*Exercise details*
Quote each line of the material verbatim, without the pictures.

Given data Start Marker

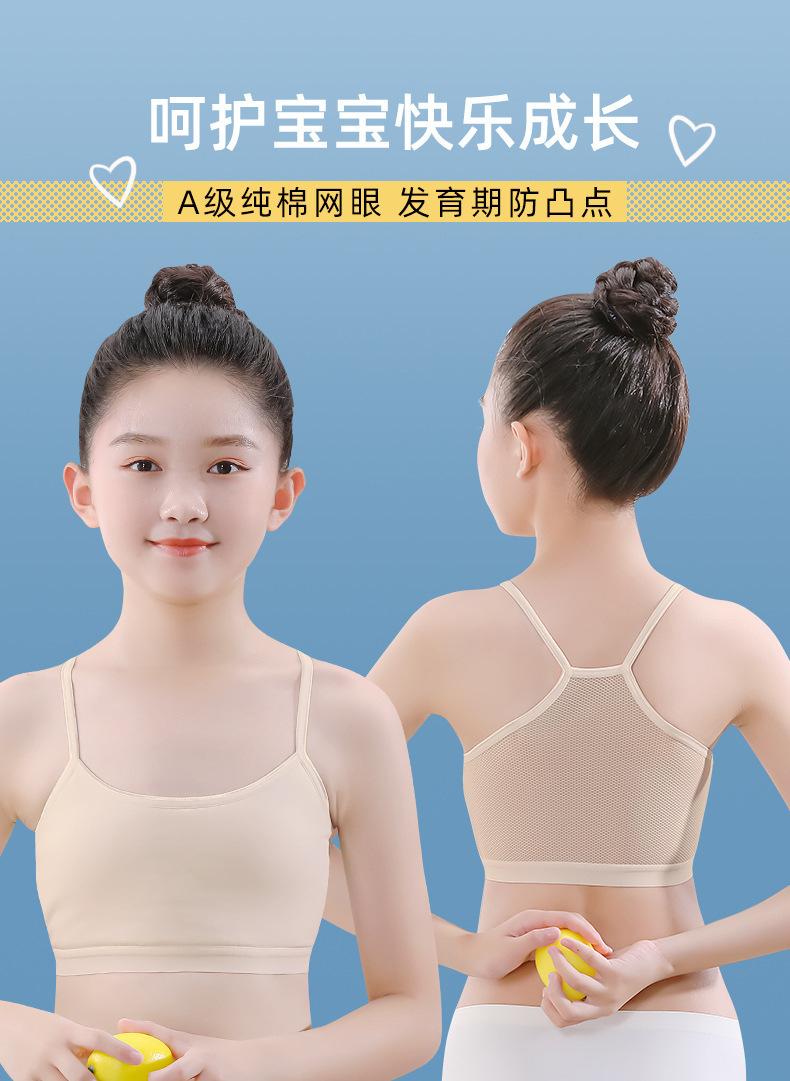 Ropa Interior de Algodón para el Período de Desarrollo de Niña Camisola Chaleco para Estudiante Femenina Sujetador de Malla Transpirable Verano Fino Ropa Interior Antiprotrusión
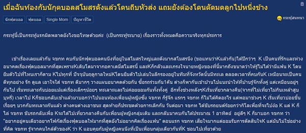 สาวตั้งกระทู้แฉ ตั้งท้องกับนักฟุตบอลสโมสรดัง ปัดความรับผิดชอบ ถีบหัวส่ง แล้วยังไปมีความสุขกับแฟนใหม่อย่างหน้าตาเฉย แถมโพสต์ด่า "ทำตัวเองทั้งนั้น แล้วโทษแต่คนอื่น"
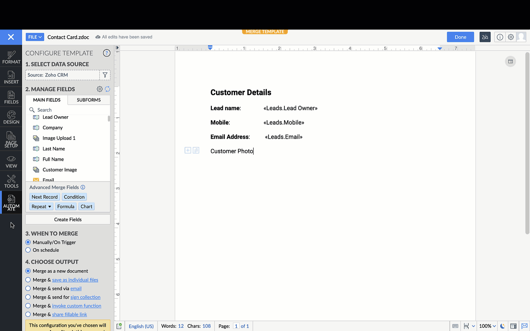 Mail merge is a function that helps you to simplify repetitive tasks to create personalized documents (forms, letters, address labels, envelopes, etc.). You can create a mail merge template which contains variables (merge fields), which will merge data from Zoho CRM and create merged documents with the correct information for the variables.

Given data End Marker

*Answer for the task*
 Ropa Interior de Algodón para el Período de Desarrollo de Niña Camisola Chaleco para Estudiante Femenina Sujetador de Malla Transpirable Verano Fino Ropa Interior Antiprotrusión
 สาวตั้งกระทู้แฉ ตั้งท้องกับนักฟุตบอลสโมสรดัง ปัดความรับผิดชอบ ถีบหัวส่ง แล้วยังไปมีความสุขกับแฟนใหม่อย่างหน้าตาเฉย แถมโพสต์ด่า "ทำตัวเองทั้งนั้น แล้วโทษแต่คนอื่น"
 Mail merge is a function that helps you to simplify repetitive tasks to create personalized documents (forms, letters, address labels, envelopes, etc.). You can create a mail merge template which contains variables (merge fields), which will merge data from Zoho CRM and create merged documents with the correct information for the variables.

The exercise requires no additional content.